R5 re-ran pmat comply check exactly as R2 had, and caught the regression that had silently survived 9 commits’ worth of work between rounds. Any dogfood round that only tests new defects is flattering to the tool — it assumes the old ones stayed fixed. They do not, not automatically. Every round must re-run every headline regression. If the number moves, celebrate. If it does not, file again.
How to Reproduce
You can run this entire dogfood against your own checkout of pmat:
# 1. Rebuild from source — no stale binaries
cd /path/to/paiml-mcp-agent-toolkit
cargo install --path .
# 2. Verify the binary you just built
pmat --version # expect: pmat 3.14.0 (or your branch)
# 3. Headline regressions (R2 + R5 bench)

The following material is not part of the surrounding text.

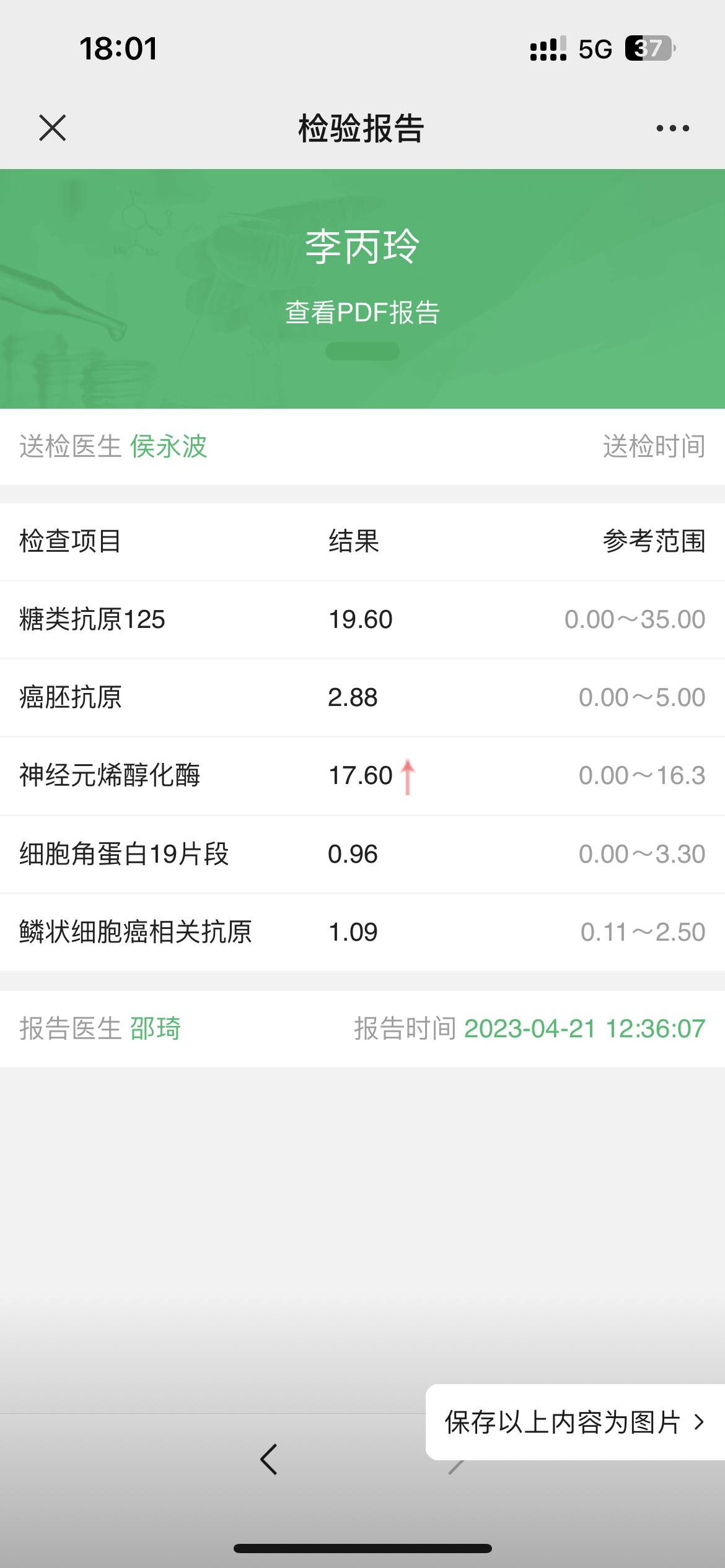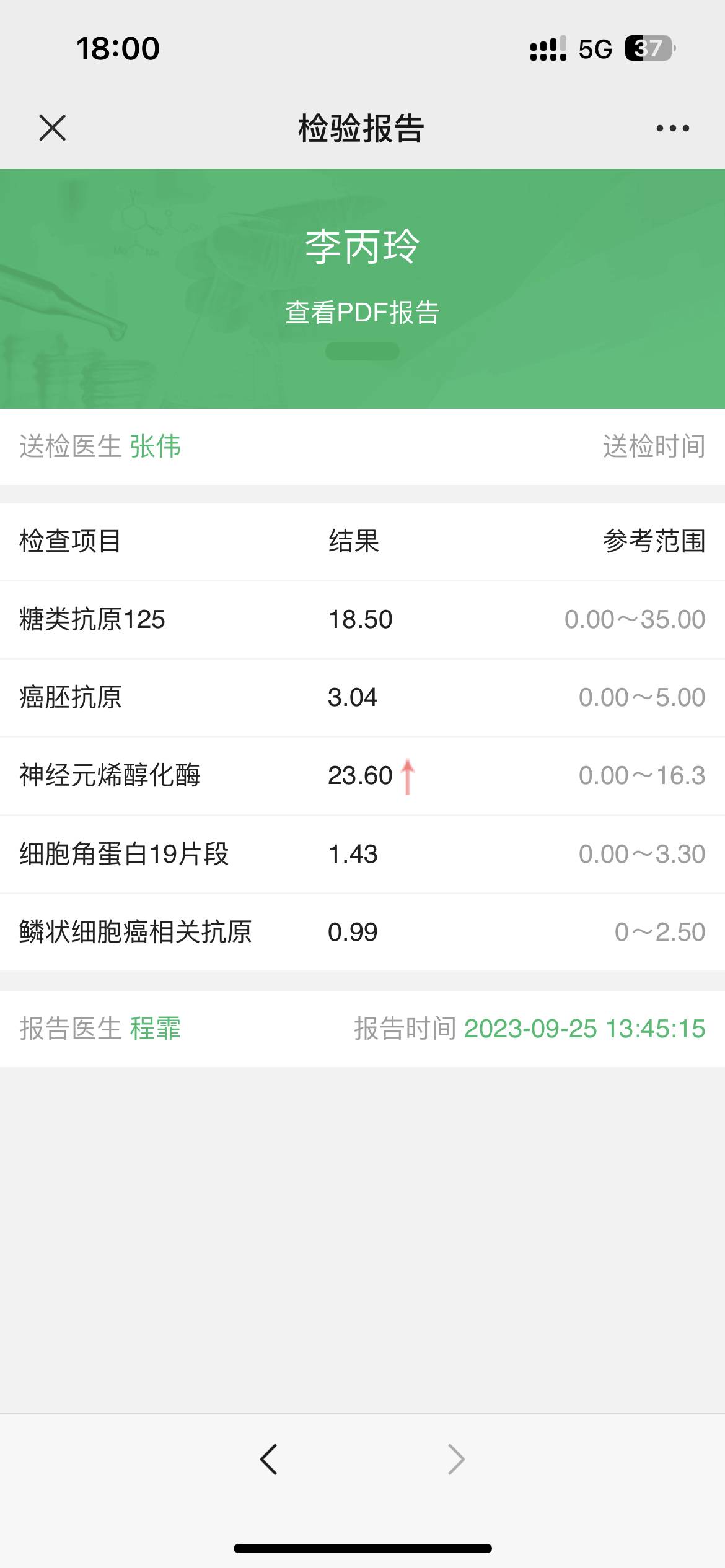 肿瘤五项,神经元三次检查,中间一次正常,前后一次高

/usr/bin/time -v pmat comply check --format text 2>&1 | tail -5
# expect per D10/D54: ~52s wall, ~1.4 GB RSS — FAIL vs <30ms O(1) budget
# 4. Exit-code probe (D16/D25/D26/D35/D57)
pmat split; echo "exit=$?" # expect non-zero; observed: 0
pmat spec validate; echo "exit=$?" # expect non-zero; observed: 0
pmat predict-quality; echo "exit=$?" # expect non-zero; observed: 0
# 5. Help-leak probe (D11/D29/D30/D31/D53)

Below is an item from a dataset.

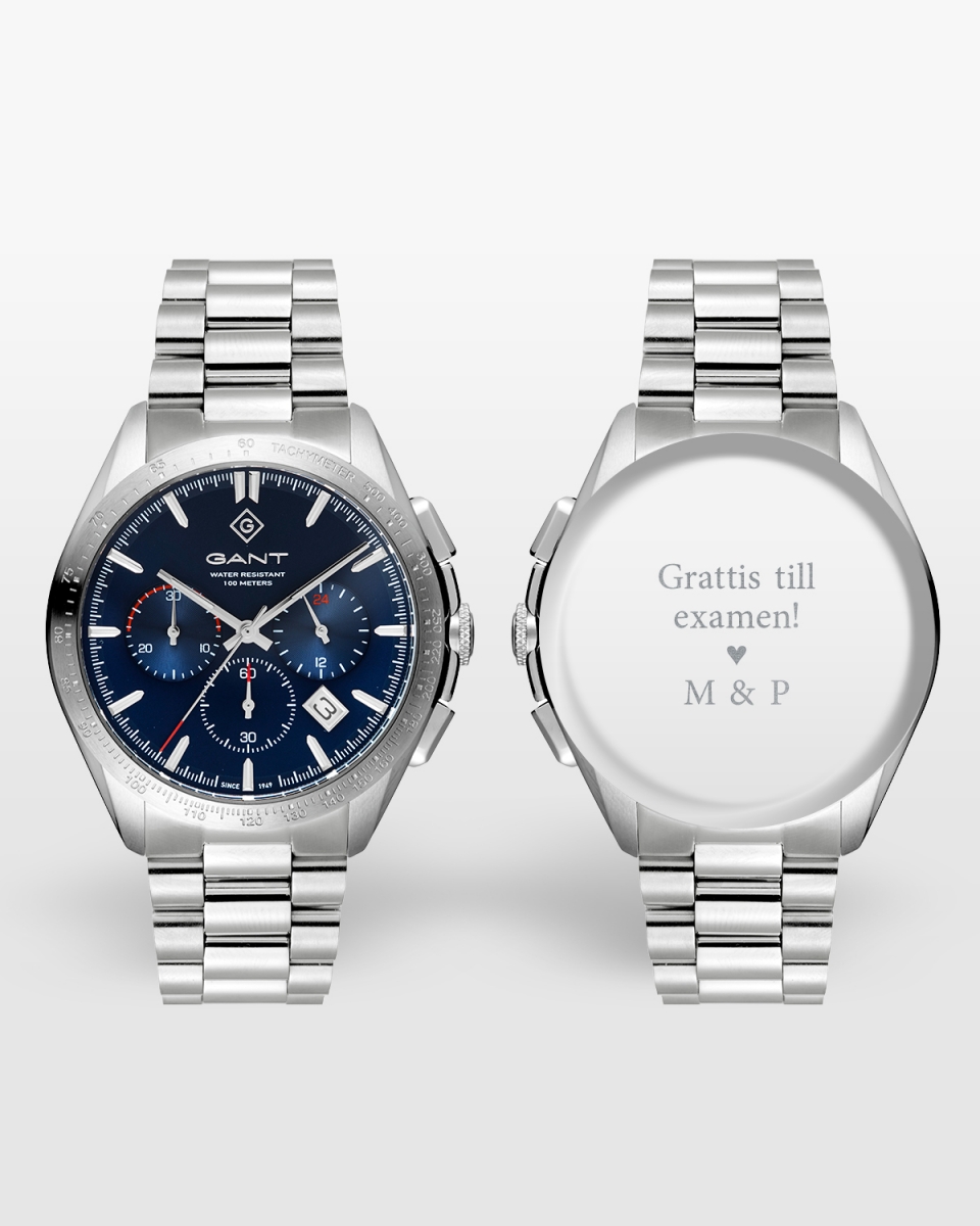 Gant klocka med gravyr, Hammondsport Blue-Silver Metal

pmat hooks list; echo "exit=$?" # expect scoped help; observed: main pmat help, exit 2
pmat roadmap; echo "exit=$?" # same
# 6. MCP protocol probe (D14/D32/D33/D39/D47/D48/D52)
# Note: `pmat --mode mcp` is broken (D12/D36) — use stdin-detect instead.
printf '%s\n' \
'{"jsonrpc":"2.0","id":1,"method":"initialize","params":{}}' \
'{"jsonrpc":"2.0","id":2,"method":"tools/list","params":{}}' \
| timeout 5 pmat 2>/dev/null | tail -5
# inspect returned inputSchema: expected non-empty properties; observed: {}
# 7. HTTP stub probe (D13)
pmat serve --transport http --port 9876 &
sleep 2; curl -s -o /dev/null -w "%{http_code}\n" http://127.0.0.1:9876/
# expect 200; observed: 000 (port not bound)
kill %1 2>/dev/null
# 8. Self-validation paradox (D5/D17/D19)
pmat spec score docs/specifications/components/provable-contracts.md
# expect >=95/100 (PASS); observed: 47/100 (FAIL)
pmat rust-project-score 2>&1 | grep -i unwrap
# expect 0 critical unwraps; observed: 487 unwrap() calls flagged
If any of these commands misbehaves in the way described, the defect is open. If any has been fixed, file that fact — dogfooding is a two-way contract.
Closing
Fifty-eight defects in one day against a released binary is not a disaster, it is the normal state of a quality tool that has never been systematically dogfooded. Toyota would say the tool is broken but honest: every defect has a D-number, an owner, and a trace to a commit. Jidoka does not stop the defect from happening; it stops the defect from being invisible. The value of a five-round dogfood is that every defect now has a place to live and a gate that will fail the next time it regresses.
The pmat team’s rule, written on the whiteboard after R5:
If you cannot reproduce a defect, it is not a defect. If you cannot gate a defect, it will regress. If the tool cannot pass its own rubric, the rubric is the defect.